Exercise goal: Transcribe all of the records word for word, but omit the pictures.

Data:
============

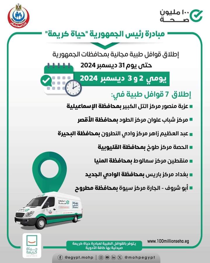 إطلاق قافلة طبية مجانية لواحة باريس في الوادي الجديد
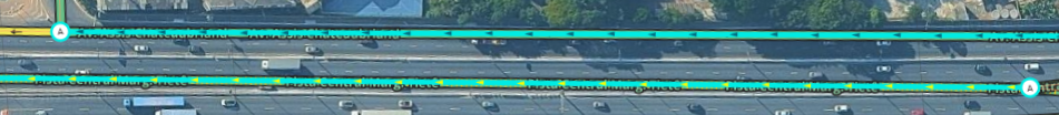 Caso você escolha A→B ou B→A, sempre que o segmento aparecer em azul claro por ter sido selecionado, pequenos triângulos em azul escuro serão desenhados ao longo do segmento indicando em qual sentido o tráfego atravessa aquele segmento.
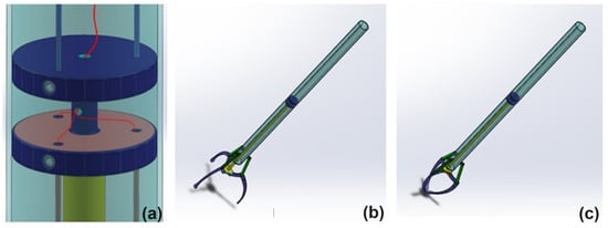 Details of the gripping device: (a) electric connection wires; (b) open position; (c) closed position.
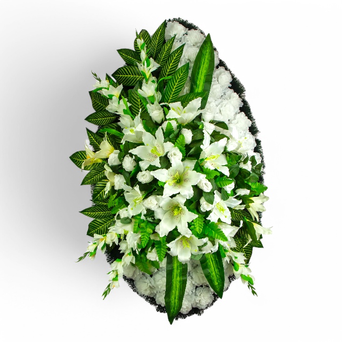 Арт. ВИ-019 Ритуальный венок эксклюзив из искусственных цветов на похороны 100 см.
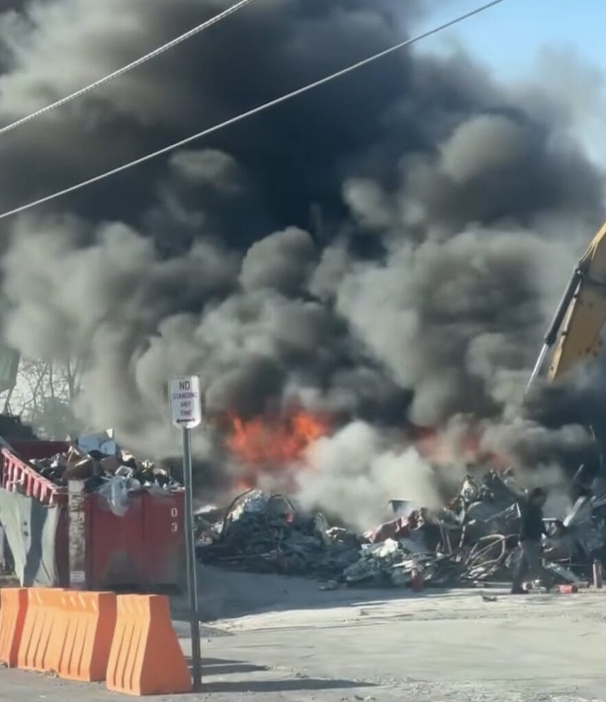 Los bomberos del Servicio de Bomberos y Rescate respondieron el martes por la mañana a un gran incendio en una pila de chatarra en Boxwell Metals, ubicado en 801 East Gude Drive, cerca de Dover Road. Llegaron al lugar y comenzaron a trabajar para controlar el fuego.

============

Task solution:
 إطلاق قافلة طبية مجانية لواحة باريس في الوادي الجديد
 Caso você escolha A→B ou B→A, sempre que o segmento aparecer em azul claro por ter sido selecionado, pequenos triângulos em azul escuro serão desenhados ao longo do segmento indicando em qual sentido o tráfego atravessa aquele segmento.
 Details of the gripping device: (a) electric connection wires; (b) open position; (c) closed position.
 Арт. ВИ-019 Ритуальный венок эксклюзив из искусственных цветов на похороны 100 см.
 Los bomberos del Servicio de Bomberos y Rescate respondieron el martes por la mañana a un gran incendio en una pila de chatarra en Boxwell Metals, ubicado en 801 East Gude Drive, cerca de Dover Road. Llegaron al lugar y comenzaron a trabajar para controlar el fuego.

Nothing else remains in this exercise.